The crows aren’t stupid. They don’t take hawks on one-on-one. They’re at a disadvantage and they know it. But a crowd of crows can discourage a hawk from hanging around looking for dinner.

I’m writing about our crows because I recently read a piece by Jenny Price about the Los Angeles River – usually considered something of a joke because it was encased in concrete by the Corps of Engineers – in which she talked about how cities are not, in fact, devoid of nature.

I have actually been paying attention to the nature around me for a long time, but I’m not sure I really thought of it as nature. But of course it is.

In addition to the crows, my sweetheart has discovered that there is a dawn redwood – a deciduous species of redwood that originated in the Arctic back when things were warmer there (so a very long time ago) that has migrated farther south to survive – in Mosswood Park, about five blocks away.

That’s not just nature; that’s ancient nature.

And of course, we have done a hike on a small trail to see the only remaining old-growth redwood in Oakland – a scraggly tree that’s hard to get to, which is probably why it survived the rush to make money off all those trees.

There are creeks here, though some have been forced underground. We are fortunate in the East Bay to have an abundance of parks, which helps keep nature a little more natural.

And of course, there’s the Bay itself, never far away. Lots of nature there.

But mostly I see nature on my walks around the block.
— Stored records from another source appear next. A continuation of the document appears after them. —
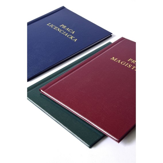 Okładki kanałowe twarde, trwałe, odporne na zabrudzenia, eleganckie okładki do oprawy dokumentów, najwyższej jakości okładka introligatorska z metalową listwą zamocowaną w grzbiecie, okleina o fakturze skóry, możliwość szybkiej i trwałej oprawy bez konieczności dziurkowania czy sklejania, Rodzaje okładek kolory: granatowy, bordowy, zielony, czarny, bez napisu lub z napisem w kolorze złotym: Praca Dyplomowa, Praca Magisterska, Praca Licencjacka, rozmiary: do 44 kartek (AA), do 95 kartek (A), do 125 kartek (B), do 150 kartek (C), opakowanie 10 lub 8 sztuk jednakowych okładek w zależności od rozmiaru, opakowanie (AA, A, B, C - 10 szt, ),
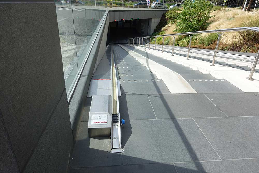 さらに、上り用の階段のレールにはベルトコンベアが設置されており、自転車を置くと自動的に動く仕組みになっています。
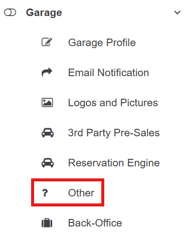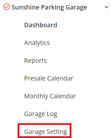 - Navigate to Garage Setting tab > Garage Settings section
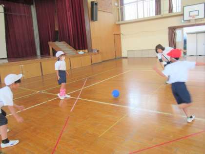 体育科の『ころがしドッジボール』の様子です。何度も練習しているうちに、少しずつよりよい活動の仕方に気が付くようになってきました。ボールを転がすときは早く転がせるように、避ける時はしっかり相手を見て……グループで作戦を立てて頑張っている様子も見られます。
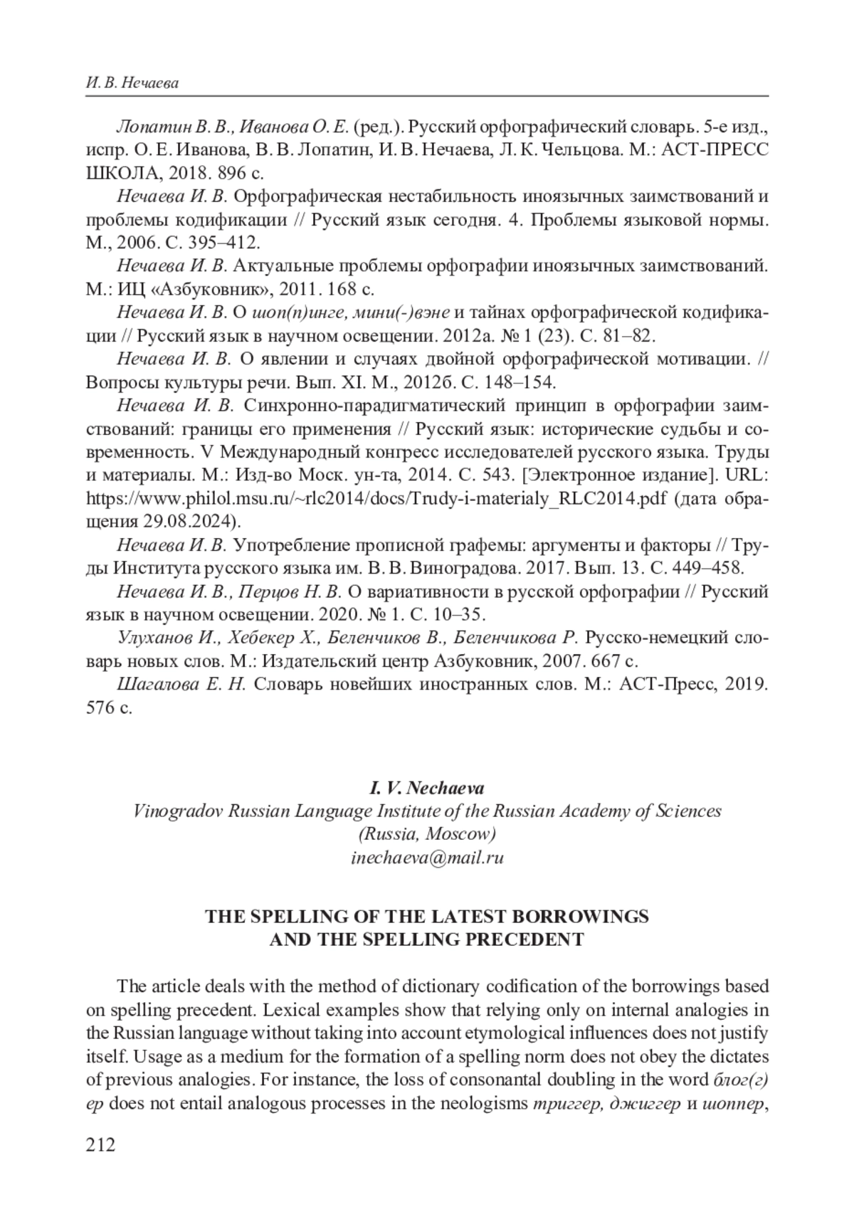 17. Нечаева И. В. Синхронно-парадигматический принцип в орфографии заимствований: границы его применения // Русский язык: исторические судьбы и современность. V Международный конгресс исследователей русского языка. Труды и материалы. М.: Изд-во Моск. ун-та, 2014. С. 543. [Электронное издание]. URL: https://www.philol.msu.ru/~rlc2014/docs/Trudy-i-materialy_RLC2014.pdf (дата обращения 29.08.2024). EDN: SCBEFT

Some of it wild, some of it cultivated, a lot of it people and their dogs.

We are, after all, part of nature ourselves.

4 thoughts on “Learning to Look at Nature

  1. Yes, we tend to forget that everything we produce has its origin in nature—and one day will be thus reclaimed.

    I love crows. I once spent an entertaining morning listening to a couple conversing on our driveway. These weren’t just random squawks but fully formed utterances, followed by thoughtful responses. But alas, like you, I don’t speak crow either, so I have no idea what they were discussing. Maybe some fascinating intrigue. Or maybe just plans for lunch. . .

  2. I loved walking through Oakland with you with the hovering crow escort. Left me with the image of you being watched over by the crows, who would swoop in to defend you at need (not that you couldn’t defend yourself, but let us not scorn corvid assistance).